B) Principles of interpretation of foreign tax laws and regulations
Article 38 of the Constitution provides that all citizens shall have the duty to pay taxes under the conditions as prescribed by law, and Article 59 provides that the items and rates of taxes shall be determined by law, thereby adopting the principle of no taxation without the law. In determining the tax requirements or tax exemption requirements, the principle of no taxation without the law shall be stipulated by the law enacted by the National Assembly, which is the representative body of the people, and shall be strictly interpreted and applied to the enforcement of the law. The above interpretation principle also requires foreigners who are guaranteed their status under the conditions as prescribed by international law and treaties pursuant to Article 6(2) of the Constitution.
In addition, Articles 26, 27, and 31 of the Vienna Convention on the Law of Treaties to which the Republic of Korea is a party shall be observed, and a treaty shall not be invoked in such a way as to justify the non-performance of a treaty, and the text of a treaty shall be interpreted faithfully in accordance with its ordinary meaning.
Therefore, in the case of a tax treaty, which is a kind of tax law, an extended interpretation or analogical application of administrative convenience is not allowed.
C) The domestic legal ground for the substance over form principle
Article 11(1) of the Constitution of the Republic of Korea provides that all citizens shall be equal in front of the law. Any person shall not be discriminated against in political, economic, social, and cultural life on the basis of gender distinction, religion, or social status. The principle of tax equality is an expression of tax law in accordance with the above constitutional provisions or in the principle of equality or the principle of prohibition of discrimination. Therefore, in implementing tax legislation, the State must establish laws so that tax burden can be equally distributed among the people, and have the duty to treat all the people equally in interpreting and applying the tax law. One of the legal systems for realizing such principle of tax equality can be deemed as the principle of substantial taxation as provided in Article 14 of the Framework Act on National Taxes. Such principle of tax equality is equal in accordance with the concept of justice, and it can be said that the principle of tax justice should be realized in the course of legislative process or enforcement of the tax law by equally treating the same as the principle of justice (the Constitutional Court Order 8Hun-Ma38, July 1989).

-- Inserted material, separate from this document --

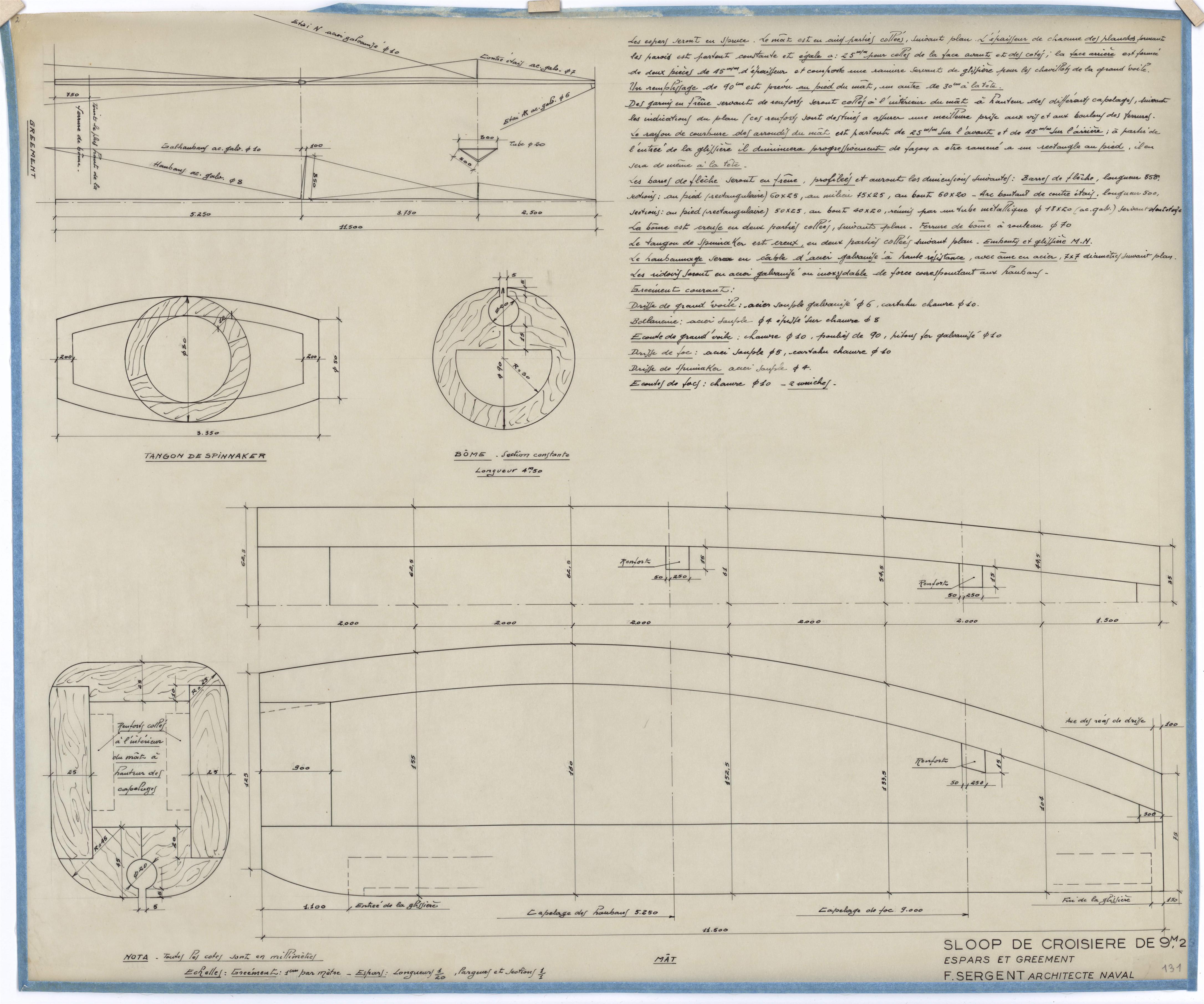 Les bénévoles des Archives du Yachting ont choisi d’utiliser des noms de plans susceptibles de convenir à d’autres fonds d’architectes navals à venir. Cela peut expliquer les différences d’appellation entre les noms donnés par François Sergent lui-même et ceux du site.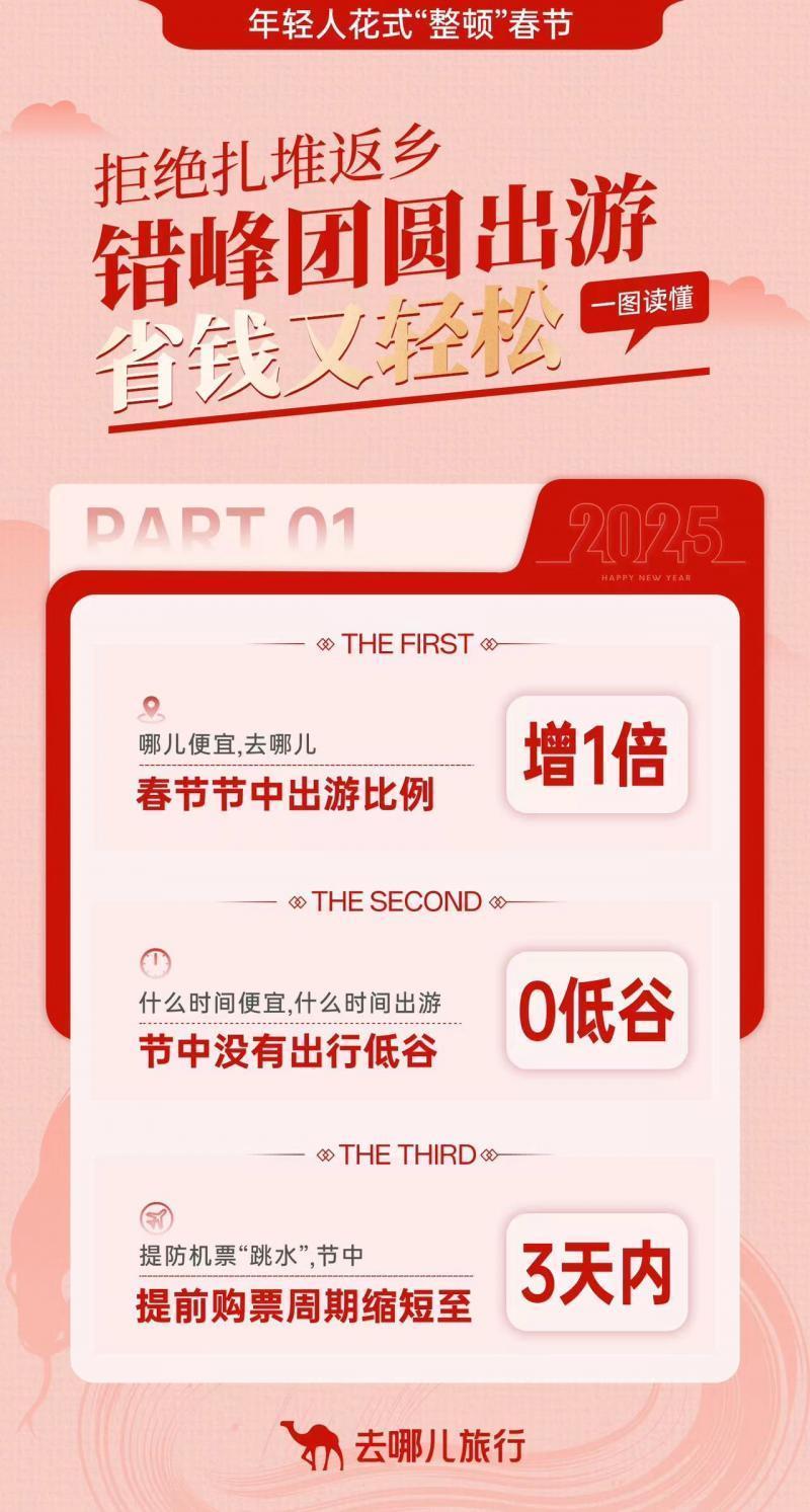 部分单位提前放假,加上不少打工人选择“请2休11”,导致这个春节假期出行高峰不断。去哪儿大数据显示,今年春节节前出行高峰提前至1月25日。机票价格从1月26日开始回落,至除夕到达相对低点,引得很多人看准低票价“踩点”回家。从初一开始,出行人数又开始快速回升,初二到初五的出行量明显高于去年春节同期,节中没有出行低谷。

Therefore, the constitutional principle of tax equality cannot be an exception to the application of the tax treaty having the same effect as the law, and such application does not violate the principle of strict interpretation of the tax treaty. In applying the principle of substantial taxation to foreigners, international law at the time of application in accordance with Article 6(2) of the Constitution and the contents of treaties with the country of nationality of foreigners should be considered. Such interpretation is consistent with the principle of equality and the principle of tax equality under the Constitution, which is not mechanical and formal equality.
D) As to OECD Notes
With the increase in international trade, the OECD established a company on the document in a tax haven place that is not related to the actual transaction with the purpose of tax avoidance through changes in the crepan tax treaty and avoided taxes on capital transaction income such as interest, dividend, and stock gains through the form of transaction, the OECD has started to seek various regulatory measures for the tax avoidance act using the tax have been conducted through the international discussions of the OECD Harmful Tax Forum since 199.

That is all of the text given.